Using the nvidia-smi top -mp command displays the GPU and NIC mapping in our system and the paths the data must take. Here is the legend:

X = Self 
SYS = Connection traversing PCIe as well as the SMP interconnect between NUMA nodes (e.g., QPI/UPI) 
NODE = Connection traversing PCIe as well as the interconnect between PCIe Host Bridges within a NUMA node 
PHB = Connection traversing PCIe as well as a PCIe Host Bridge (typically the CPU) 
PXB = Connection traversing multiple PCIe bridges (without traversing the PCIe Host Bridge) 
PIX = Connection traversing at most a single PCIe bridge

From here, we can tell that we would not want to use GPU1 with NIC4 and NIC5 for optimal performance, though this plays a limited role in our synthetic testing.

Quantum Myriad AI Testing

We conducted a technical analysis to evaluate the performance of the Quantum Myriad storage cluster and its impact on real-world AI workloads.
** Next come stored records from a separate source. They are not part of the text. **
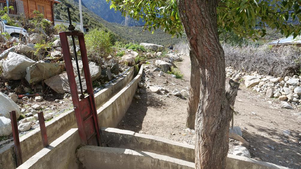 當(dāng)?shù)毓喔人词茄┥饺谒?。尼屋鄉(xiāng)農(nóng)牧綜合服務(wù)中心主任扎西次旺介紹,高標(biāo)準(zhǔn)農(nóng)田建設(shè)前,鄉(xiāng)民一直沿用先民修的老水渠。
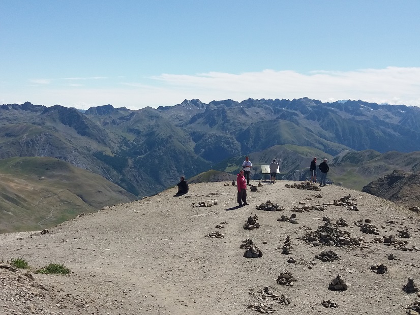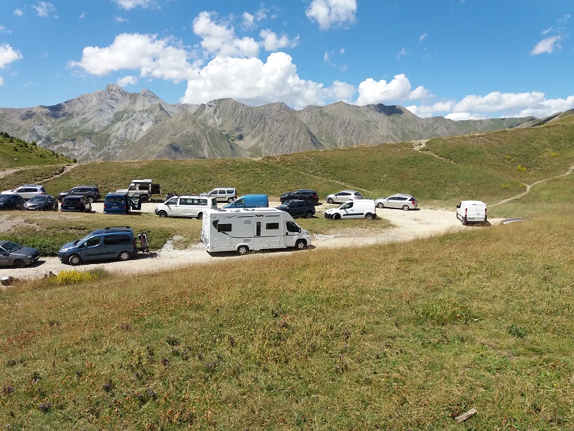 La pente à certains endroits pouvait atteindre 10%. Il faut dire que ce n’était pas le meilleur moment de se trouver là, un samedi, en plein mois d’août eu égard à la circulation. Et nous avons trouver le temps long pour arriver jusqu’au col. L’espace que nous découvrons permet de stationner sans encombre et sans difficulté. Et nous en profitons pour faire notre pause-déjeuner. En début d’après-midi, nous reprenons la route , non sans appréhension, ne sachant pas ce qui nous attendait en redescendant du col en direction de Barcelonnette. Or malgré quelques difficultés, le trajet s’en est trouvé moins impressionnant et on a pu rejoindre la vallée avec soulagement.
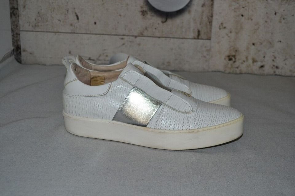6.) - leichter und perfekt bequemer "slip on" Einsteig mit "Gummiband" (einfach hineinschlüpfen), Laufsohle aus Thermogummi, attraktives und bequemes Plateau mit ca. 3 cm, alles weitere zeigen die Fotos! Die Schuhe wurden ganz wenig getragen, weisen lediglich wenige Gebrauchsspuren auf und befinden sich in einem guten bis sehr guten Zustand, siehe Bilder!
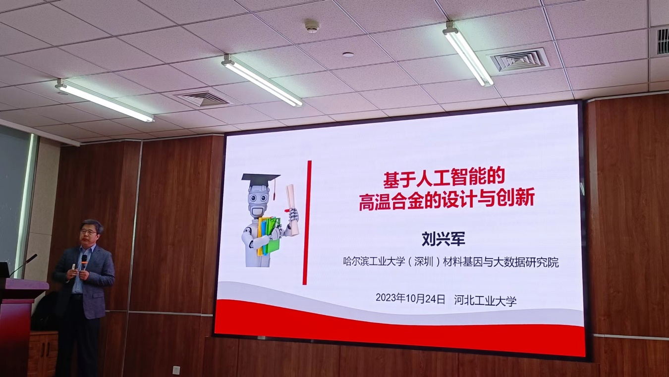 2023年10月24日上午,应我校党委常委、副校长王慧远邀请,哈尔滨工业大学刘兴军教授到学院进行学术交流,并在北辰校区机材楼C514报告厅作了题为《基于人工智能的高温合金的设计与创新》的学术报告。报告由王慧远主持,学院百余名师生参加。
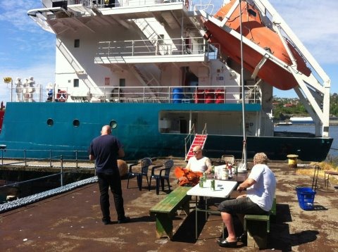 Efter frukosten så går folk ut och börjar på lite olika arbete ute på däck. Jag tar och går igenom lite av underhållsarbetet och skriver in det på Star IPS.
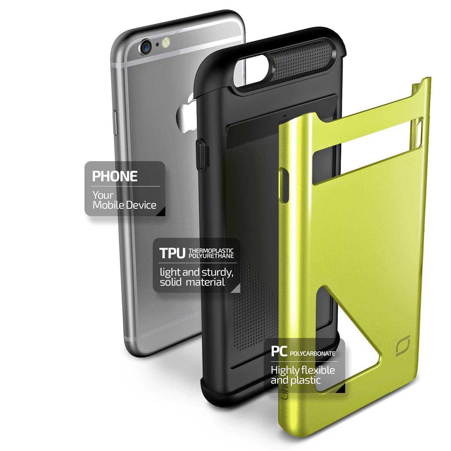 Back cover card case made by Lific for iPhone 6s / 6 Plus Shock-resistant double structure Shock absorbing cover
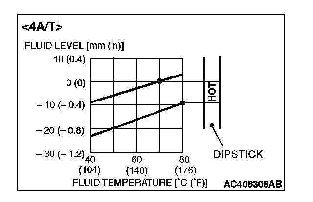 NOTE: If it takes some amount of time until the transmission fluid reaches its normal operating temperature [70-80°C (158-176°F)], check the transmission fluid level by referring to the left diagram.
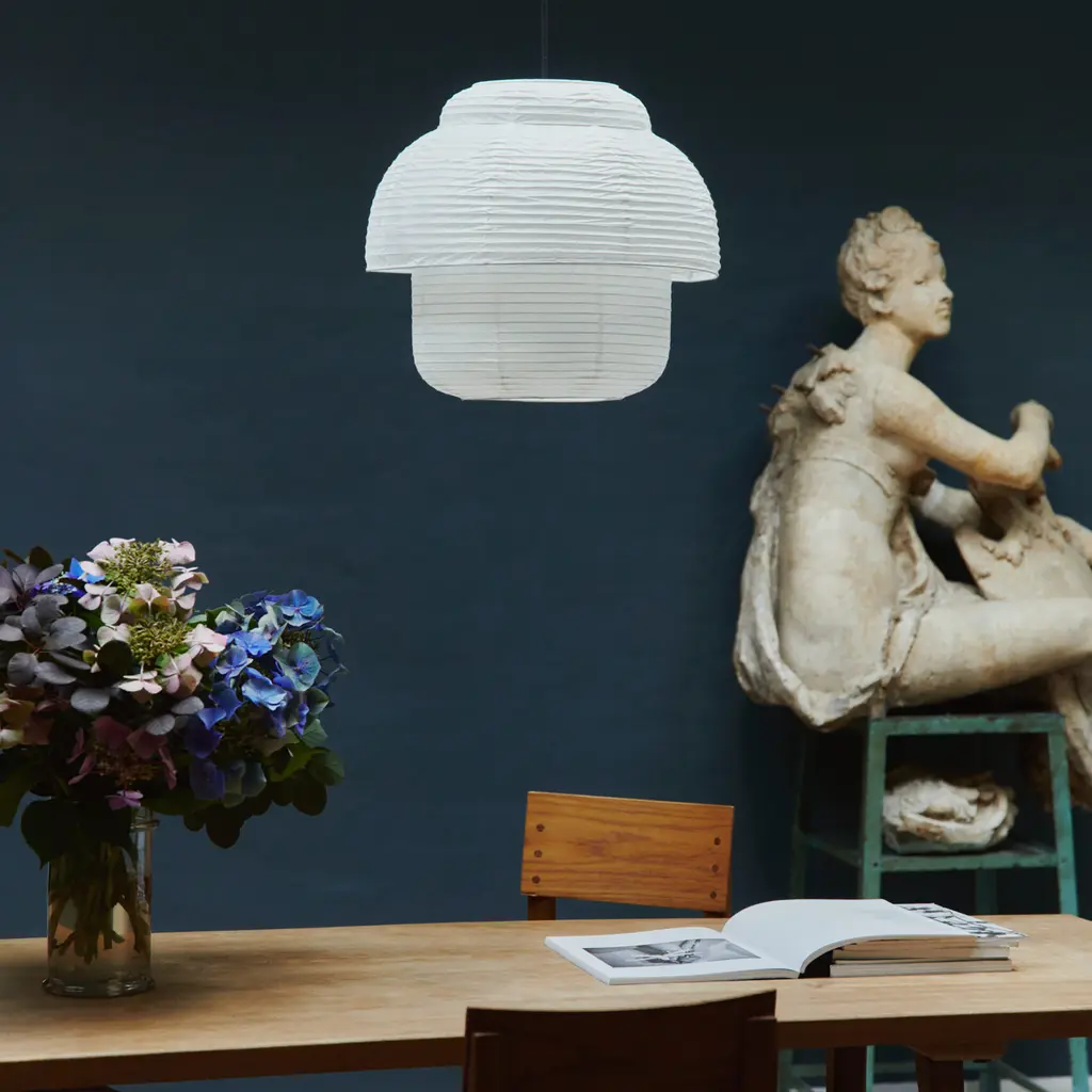 Give your home an elegant makeover with the Papier lighting series from Made by Hand. Inspired by the lightness of rice paper, the Papier Double Pendant Lamp 40 has a softly curved shade with rounded forms of different sizes and shapes. Resembling a floating sculpture, this pendant light doubles as an eye-catching decorative piece, whether it’s in use or not. However, turning the light on accentuates the horizontal line patterns, enhancing the beauty of the rice paper shade. Perfect for dining areas and kitchens, the Papier Double Pendant Lamp 40 looks stunning on its own or alongside other pendant lights from the same collection.

Our analysis focused on the cluster’s ability to optimize resource utilization and scale effectively. Throughout this testing, we employed high-end Comino rack workstations equipped with NVIDIA ConnectX-6 200GbE NICs and dual NVIDIA A100 GPUs. These are crucial as they represent a robust testing environment similar to what might be employed in large-scale AI projects.
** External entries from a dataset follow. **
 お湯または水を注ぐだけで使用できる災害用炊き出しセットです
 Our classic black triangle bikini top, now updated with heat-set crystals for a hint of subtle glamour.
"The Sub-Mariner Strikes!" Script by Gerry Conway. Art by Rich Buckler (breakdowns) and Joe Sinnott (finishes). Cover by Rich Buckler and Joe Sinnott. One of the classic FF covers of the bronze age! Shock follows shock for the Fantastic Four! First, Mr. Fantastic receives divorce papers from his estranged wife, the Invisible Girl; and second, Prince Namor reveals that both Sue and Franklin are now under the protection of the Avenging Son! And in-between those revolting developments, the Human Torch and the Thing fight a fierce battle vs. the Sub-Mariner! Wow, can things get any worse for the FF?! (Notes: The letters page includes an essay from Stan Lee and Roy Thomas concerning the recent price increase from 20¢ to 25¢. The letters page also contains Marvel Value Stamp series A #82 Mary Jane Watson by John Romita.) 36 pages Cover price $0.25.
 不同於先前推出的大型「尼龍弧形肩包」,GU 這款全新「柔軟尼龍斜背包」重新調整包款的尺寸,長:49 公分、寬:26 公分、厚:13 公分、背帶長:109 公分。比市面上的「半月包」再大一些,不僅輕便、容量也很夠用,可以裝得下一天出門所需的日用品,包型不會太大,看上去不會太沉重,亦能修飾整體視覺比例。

We leveraged a simple shell script to help create GDS test scripts and parse the output. ASCII Art for Style Points

The primary objective of these tests was to assess the Quantum Myriad cluster’s capability to handle intensive IO operations and how well it can accommodate throughput from high-capacity GPUs, which are critical for AI computations. Given that AI workloads heavily depend on the rapid processing of data sets, the ability of a storage solution to deliver data at speeds that match GPU processing capabilities directly impacts overall system efficiency and performance.
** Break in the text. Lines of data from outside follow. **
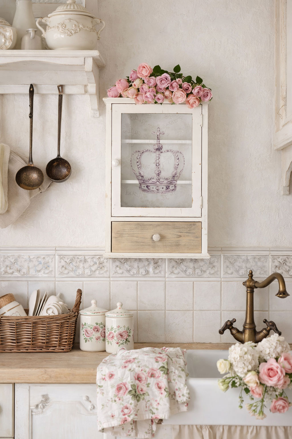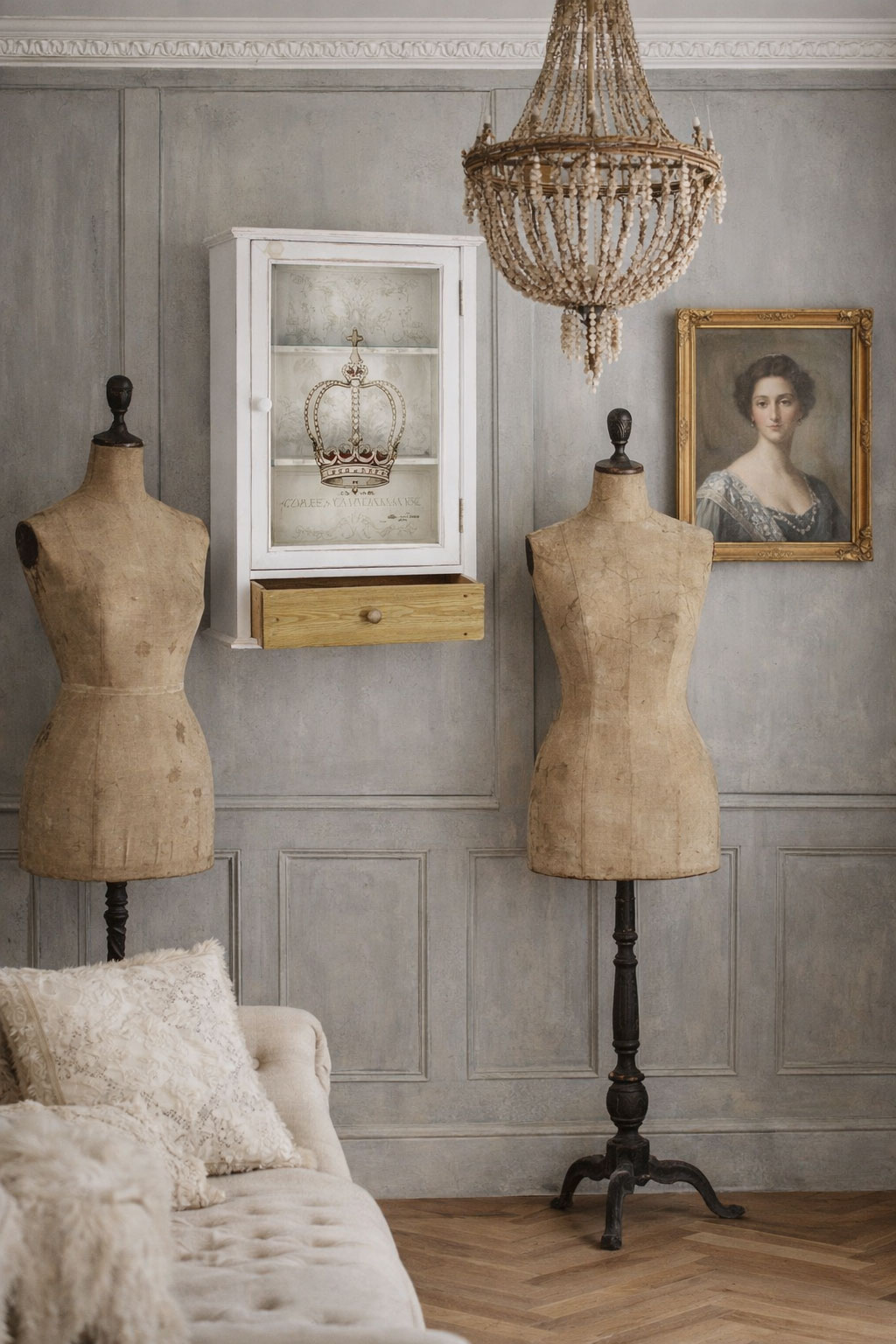 Der WANDSCHRANK „VILLA NOSTALGIA“ verbindet Shabby Chic mit Vitrinen-Charme und einem edlen Kronen-Motiv im Glas. Mit Ablageböden und Schublade bietet er stilvollen Stauraum auf kompaktem Raum. Maße: H 60 × B 40 × T 20 cm. Ohne Dekoration
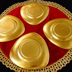 Стари чинии за хапки, гурме, подложни чинии за чаши, чинии за десерт, изработени от високо качествен як месинг с позлата. Имат триъгълна форма. Диаметър 15 см., височина 1 см., тегло на всяка 50 гр. Налични 4 броя, цена за всички 16 лв. /8.19€
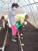 Šogad pavasaris nāca ļoti ilgi, nevarējām vien uzsākt stādīšanas un sēšanas darbus. Mēneša sākumā, tikko kļuva siltāks, projektā „Piepildīsim kopā sapni par saticīgu ģimeni” iesaistītās sievietes darbojās centra apstādījumos, izgrieza nokaltušos zarus, kaisīja minerālmēslus košumkrūmiem un skujeņiem. Īpaši  lolotas pēc veiksmīgās pārziemošanas tika rozes. Visi priekšdarbi dārza darbu sezonai tika savlaicīgi  paveikti. Gan iesēti, piķēti un izaudzēti  puķu un tomātu stādi, gan sagatavotas stādīšanai puķu dobes un siltumnīca. Šobrīd centrālās ieejas pusē jau ir izstādītas samtenes. Šo puķu stādīšana jau ir kļuvusi kā tradīcija, jo samtenes  ilgi zied, un  spilgtie ziedi dara krāšņu galvenās centra ēkas ieeju.
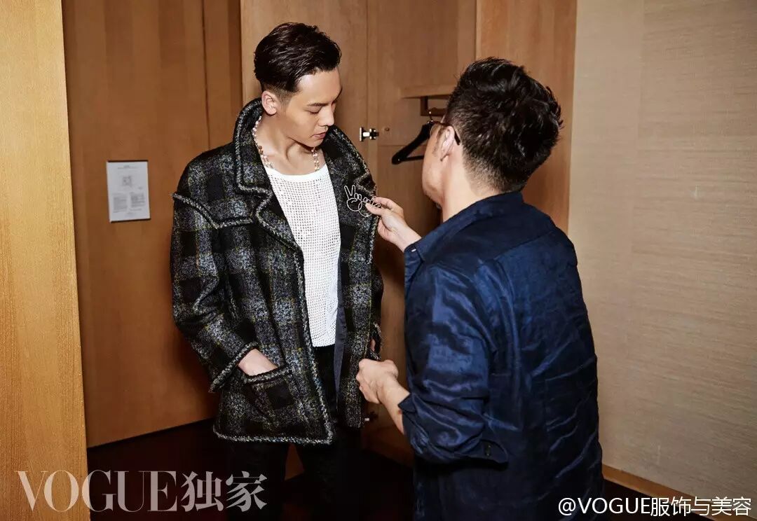 内页大片陈伟霆身着Chanel 2016 Pre-fall早秋系列黑白格纹软呢大衣诠释优雅大气,充满威胁与诱惑。

Our primary tool for testing here was NVIDIA’s GPUDirect Storage I/O (GDSIO). GPUDirect is a pivotal technology designed to enhance data transfer efficiencies between storage systems and GPUs, streamlining workflows that are critical in high-performance computing, artificial intelligence, and big data analytics.

This technology enables direct memory access (DMA) from storage directly to GPU memory, in effect bypassing the CPU. This eliminates unnecessary data copies, which reduces latency and improves throughput. GDSIO is the synthetic implementation of GPUDirect and is particularly representative of applications that require rapid processing of large datasets. This includes machine learning model training or real-time data analysis. It also provides profiling and tuning feedback for storage and networking infrastructure.

In the context of storage benchmarking, GDSIO plays a crucial role in accurately assessing the performance of storage solutions in environments heavily utilizing GPUs. By providing a more direct path for data transfer, GDSIO allows for benchmarking to measure the true potential of storage systems in supporting GPU-accelerated applications.

AI Share Configuration

When logging into Myriad, the user is presented with a dashboard that shows a high-level overview of the cluster’s current performance and specifications. Users can easily view telemetry data like IOPS, throughput, latency, and usage.

Mousing over any of the charts provides highly detailed performance information.

Looking at the File System screen, the currently configured mount points for shares are intuitively viewable.

The Nodes page is interesting, it shows the physical map of the cluster, controller, and load balancers, along with port activity and NVMe drives.

Clicking on any of the drives shows the status as reported by the host.

Heading to Shares, users can easily configure the shares as needed and get instructions for mounting them in various operating systems.

We worked with Quantum to set up a dedicated NFS share for our testing. These were mounted at /mnt/myriad/

This was achieved using the user-friendly Myriad UI, which offers a straightforward point-and-click configuration setup. During the testing period, the SMB option was in Early Access, while NFS remained the preferred protocol for our Linux-based workload machines.

Our NFS mount point was configured for 500TB of space, but you could use whatever you need by expanding the file system. You can freely overprovision storage with no penalties, and there is no hard limit to sizing. This becomes very interesting when you consider Myriad’s data compression, which essentially reduces the footprint of data on the NVMe SSDs.

With one mount point per host, each GPU has its own sub-folder, using its own NIC to avoid an NFSv4 limitation.

Quantum Myriad AI Results and Analysis

First, let’s look at the overall performance of one of our loadgen runs. This sample of one GPU’s perspective of the storage represents the performance we could see across all nodes/GPUs.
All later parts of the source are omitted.